Lawmakers urged to fund ‘complete overhaul’ of Kentucky’s aging national park infrastructure


By Nadia Ramlagan
Public News Service

Eight in 10 registered voters support cleaning up and repairing the nation’s aging national parks, according to a poll by The Pew Charitable Trusts.

House lawmakers are considering legislation that would channel up to $6.5 billion in funding to the National Park Service to begin upgrades to crumbling roads, outdated water and sewer systems, and eroding trails and campgrounds.

Sherry Murphy, executive director of the Bowling Green Area Convention & Visitors Bureau, says Kentucky’s national parks need what she calls a “complete overhaul.”

Mammoth Cave National Park is one of four national parks in Kentucky in need of maintenance and upgrades. (Photo from Adobe Stock. via PNS)

“Those infrastructure-type projects aren’t glamorous, but they’re necessities for those parks to be able to continue to operate,” she states. “And then, of course, the roads and bridges themselves. It’s one thing to feel a pothole; it’s another when the road needs to be resurfaced.”

Kentucky is home to Abraham Lincoln Birthplace National Historical Park, Big South Fork National River and Recreation Area, Cumberland Gap National Historical Park and Mammoth Cave National Park.

Collectively, these parks have racked up more than $111 million of deferred maintenance.

Murphy also points out that for many communities, national parks are the backbone of economic activity.

“Here in Kentucky, our national park system is responsible for over 1,500 jobs,” she says. “Our national park system also means $142 million into the economy from visitors.
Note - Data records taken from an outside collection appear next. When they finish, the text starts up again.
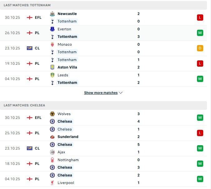 Phong độ 2 đội Tottenham vs Chelsea gần đây
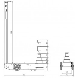 Luftdomkraft utformad för tunga höga fordon. • 1-stegs • Dödmansgrepp för säker användning. • Ergonomiskt handtag. • Överbelastningsventil. • Förlängningar 100 & 200 mm
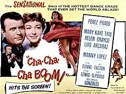 Cha-Cha-Cha Boom! is a 1956 American musical film starring Dámaso Pérez Prado, Stephen Dunne, the Mary Kaye Trio, Helen Grayco, Luis Arcaraz and his Orchestra, Lucerto Bárcenas, and Manny López and his Orchestra. It was produced by Sam Katzman for Columbia Pictures and directed by Fred F. Sears and was their immediate follow-up to Rock Around the Clock (actress Alix Talton appeared in both films). Filming started 14 May 1956.[1]
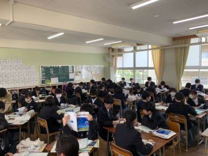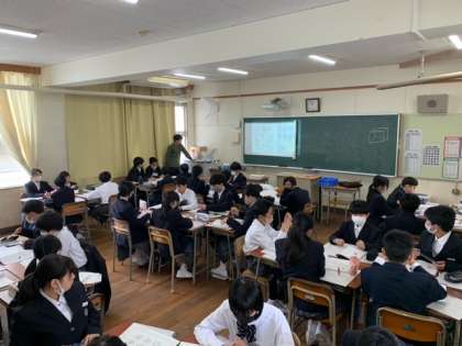 写真上から社会科、技術科の授業です。主体的・対話的深い学びを実践しています。
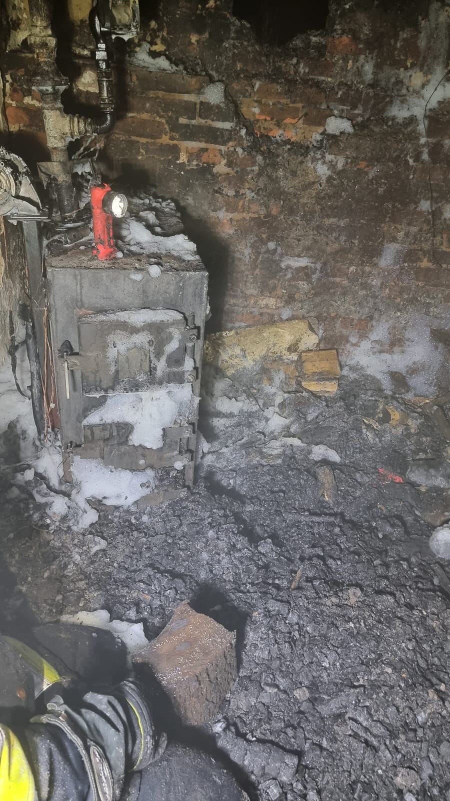 W momencie przyjazdu na miejsce zastano pożar pomieszczenia kotłowni, które przylegało do budynku mieszkalnego. Ogniem objęty też był dach kotłowni, istniało bezpośrednie zagrożenie do budynku mieszkalnego.

So it is a huge impact on those communities.”

To address the maintenance backlog, the Restore Our Parks and Public Lands Act would use money from oil and gas company fees paid to the federal government.

Kentucky isn’t the only state with maintenance needs. Marcia Argust, project director for the Restore America’s Parks Campaign, part of The Pew Charitable Trusts, says it’s been 50 years since the nation’s national parks have seen significant investment.

“Over two-thirds of the House and one-third of the Senate support legislation to fix our parks,” she states. “It’s time for congressional leadership to take the next step, and that next step is allowing a vote on this legislation.”

According to the Pew poll, voters from all sides of the political spectrum say keeping the country’s parks and monuments pristine and up to date is important.

Support for this reporting was provided by The Pew Charitable Trusts.